Tuesday, October 25, 2005

While I was on the phone

With my mother yesterday, Douwe came in to interrupt me several times. Daan did not. So after I hung up I went to investigate his absence. I found him in the bathroom washing his hands. And the counter and the floor and everything else. With three kinds of soap and a very guilty look.

Further examination revealed a red something or other on his fingers which would not come off with soap. And on his face.

Forensic evidence suggested that Daan has acquired the fine motor skills needed to open a bottle of fingernail polish. I asked him if he had it in his mouth and he said, "No, I drank the water. It was icky,". His teeth and tongue were clean but his breath was sort of, I don't know, flowery.

So I went to clean by the bed (which was a lovely shade of Red Coat Red) and found the empty bottle of top coat. Most of which was on the floor, but I believe in forensic evidence. And by this time Daan was admitting to having kidnapped the Lindburgh Baby and denying that he had feet in his efforts to give us the answer we wanted to hear.

Did you know that there is no Poison Control number in Holland? Well, actually there is but it isn't available to the public. So I called the hospital where the man said he had to be brought in so they could look and see if he had actually swallowed the stuff since I was not sure either way. Mostly, he said, children do not actually swallow fingernail polish as it tastes icky. (Uh-huh, that's what Daan said, mister).

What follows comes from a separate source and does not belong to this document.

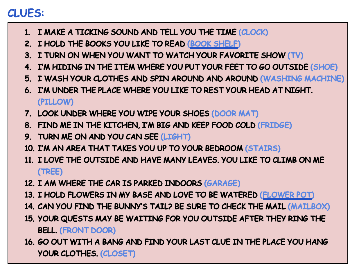 - Continue the game until they reach the grand prize (last clue) – YOUR GIFT OF CHOICE FOR YOUR CHILDREN.

I asked what they were planning to look at exactly and got no answer. I mean, you cannot exactly see fingernail polish on an x ray can you? And I suppose acetone would show up on a blood test eventually but by then it might be, er, too late, it seems to me.

So off went Daan to the hospital for scientific testing where they decided they couldn't tell either. And they diagnosed him with being the cutest thing ever, he was apparently flirting with everyine in sight and being generally full of piss and vinegar. Happily, the top coat has not got acetone or any other horribles in it (which the doctor found out by calling poison control, grrr). So they said that even if he had swallowed the whole bottle he ought to be all right, gave him a balloon and sent him home.

1 comment:

Anonymous said...

Jeannine:

I say it again, a humidifier will help your sinus' during the dry air of winter. I sent web sites to purchase and now the horse brought to drink will need to decide(or not). The thing does help me avoid colds and such during the winter.